====== SUPPLIED RECORDS

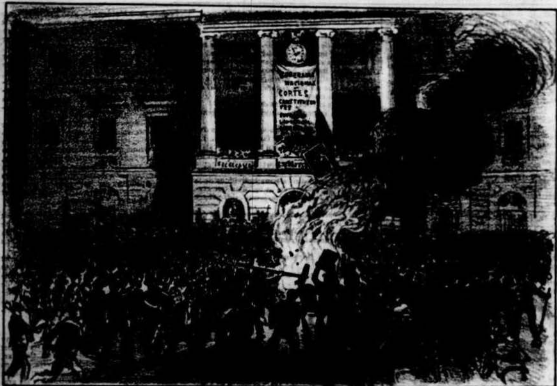
Proclamació de la Revolució y crema dels retrats reals y altres trastos en la plassa de Sant Jaume.
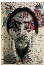
Cartografía Interior #35 , 1995 Acetato y fotografía blanco y negro sobre metacrilato 100 x 70 cm
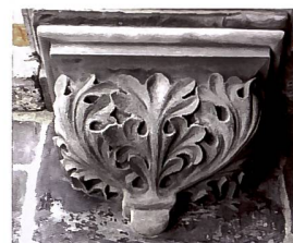
Abb. 105 Neugotische Konsole, restauriert nach Befund und alten Aufnahmen.
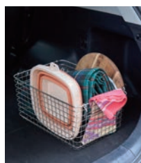
折りたたみ式でコンパクトに収納
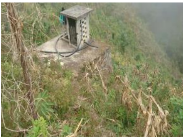
Casa 28. Pendiente inclinada que recorren los niños para acceder a una cisterna de agua.

de accesibilidad que comprenden el derecho al abastecimiento de agua suficiente para uso personal y doméstico. Esta situación sin duda expone a los niños a un mayor riesgo de sufrir accidentes y vulnera su derecho a un nivel de vida adecuado, intrínsecamente relacionado con el derecho al agua, circunstancia que debe remediarse a la brevedad mediante la adopción de medidas idóneas, con la participación de las autoridades municipales, el Comité de Apoyo y la comunidad.

============

(THE PROBLEM) Across all the records above, find each line with "para" in it and copy it.

(SOLVED EXERCISE)
Casa 28. Pendiente inclinada que recorren los niños para acceder a una cisterna de agua.
de accesibilidad que comprenden el derecho al abastecimiento de agua suficiente para uso personal y doméstico. Esta situación sin duda expone a los niños a un mayor riesgo de sufrir accidentes y vulnera su derecho a un nivel de vida adecuado, intrínsecamente relacionado con el derecho al agua, circunstancia que debe remediarse a la brevedad mediante la adopción de medidas idóneas, con la participación de las autoridades municipales, el Comité de Apoyo y la comunidad.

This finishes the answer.